Thus applicant, interviewer, and situation attributes can potentially bias the decisionmaking process and result in erroneous evaluations during the interview. In response to these problems, as well as the high cost of face-to-face interviews, many companies conduct computer interviews to screen applicants. The next time you’re in a Blockbuster Video, check out the “Employment Center,” a computer workstation where you complete a job application online and take an employment test. Telecomputing Interviewing Services in San Francisco lists more than 1,500 clients that conduct computer interviews for mostly entry-level jobs. Bloomingdale’s hired all of its personnel for its Miami store using computer interviewing that questions applicants about work attitudes, substance abuse, and employee theft. As Ellen Pollin, personnel manager at Bloomingdale’s, puts it, “The machine never forgets to ask a question and asks each question in the same way.” Other companies are using videoconferencing to interview employees, particularly managerial prospects. Texas Instruments claims, considerable cost savings with no loss in validity using videoconferences.

Citizens Bank of Maryland reduced interviewer involvement by combining a short, structured interview with a video developed especially for tellers and customer service representatives.

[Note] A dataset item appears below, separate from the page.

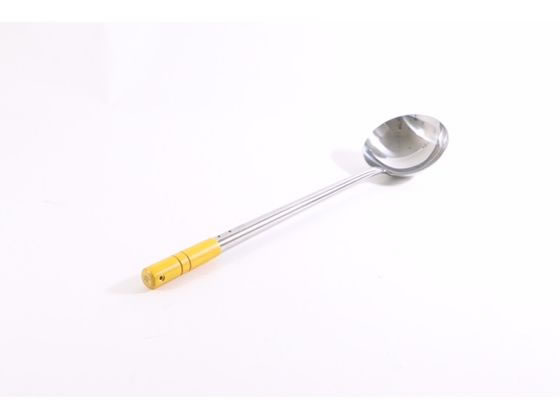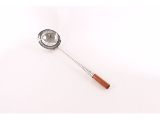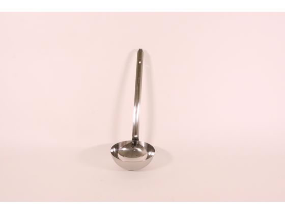 サイズ:小 約長さ24.5cm 仕様・混率:表面:シリコーンゴム芯材:ナイロンナイロン(耐熱温度:180度)、シリコーンゴム(耐熱温度:200度) 耐熱温度の高いシリコーン素材を使った、鍋肌に沿ってすくいやすい形のレードルです。 鍋やフライパンを傷つけにくく、色は食材による色移りが目立ちにくいよう黒色にしています。

The video provides a realistic job preview that describes the positive and negative features of the job and then tests applicants on job-related verbal, quantitative, and interpersonal skills. The test is completed on a computer and is scored for $32. Citizens Bank reported higher validity and a significant drop in turnover with this method compared to turnover rates when hiring decision were based on an unstructured interview (i.e., one in which interviewers have no formal set of questions to ask).in which interviewers have no formal set of questions to ask).

  Structured and standardized interviewing is growing in popularity. Perhaps the biggest company in this business is the Gallup Organization (visit and find “talentbased hiring” for a description). Gallup conducted a huge study of management behavior, described in the best seller Now, Discover Your Strengths.Gallup associates conducted over 1.7 million interviews at 101 companies from 63 countries. One result of this research was a structured interview that is administered by telephone and then scored based on the taped transcript using a standardized rating form. This talent assessment tool is now used by, among many others, Disney, Toyota, Marriott, and Best Buy to help select managers and sales personnel. This nontraditional way to conduct an interview nonetheless resulted in the same level of validity as the more traditional approach.

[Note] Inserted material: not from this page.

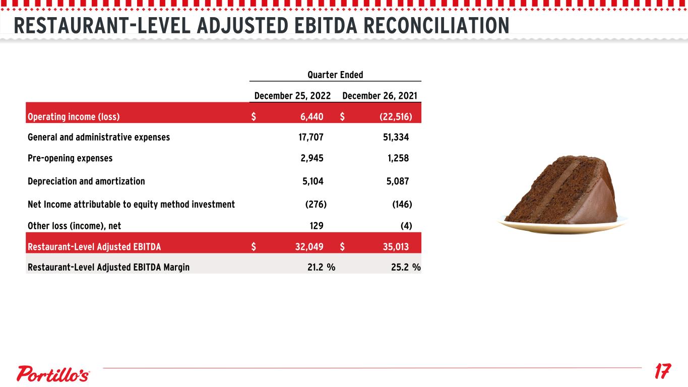 RESTAURANT-LEVEL ADJUSTED EBITDA RECONCILIATION Quarter Ended December 25, 2022 December 26, 2021 Operating income (loss) $ 6,440 $ (22,516) General and administrative expenses 17,707 51,334 Pre-opening expenses 2,945 1,258 Depreciation and amortization 5,104 5,087 Net Income attributable to equity method investment (276) (146) Other loss (income), net 129 (4) Restaurant-Level Adjusted EBITDA $ 32,049 $ 35,013 Restaurant-Level Adjusted EBITDA Margin 21.2 % 25.2 %

The information obtained from the interview provides a basis for subsequent selection and placement decisions, whose overall quality depends on the interview. How reliable is the interview information? How valid is that information for predictive purposes? That is, to what extent do interview judgments predict subsequent job performance and other important criteria?

The validity of the employment interview often has been impaired by underlying perceptual bias owing to factors such as first impressions, stereotypes, different information utilization, different questioning content, and lack of interviewer knowledge regarding the requirements of the job to be filled. However, as a result of recent efforts to improve interview effectiveness, research indicates that certain types of interviews are more reliable and valid than the typical, unstructured format. For instance, interview questions based on job analysis, as opposed to psychological or trait information, increase the validity of the interview procedure. Structured interviews, which represent a standardized approach to systematically collecting and rating applicant information, have yielded higher reliability and validity results than unstructured interviews (.51 versus .31; see again Figure 6-2). Research findings also suggest that the effectiveness of interview decisions can be improved by carefully defining what information is to be evaluated, by systematically evaluating that information using consistent rating standards, and by focusing the interview (and interview questions) on past behaviors and accomplishments in jobrelated situations.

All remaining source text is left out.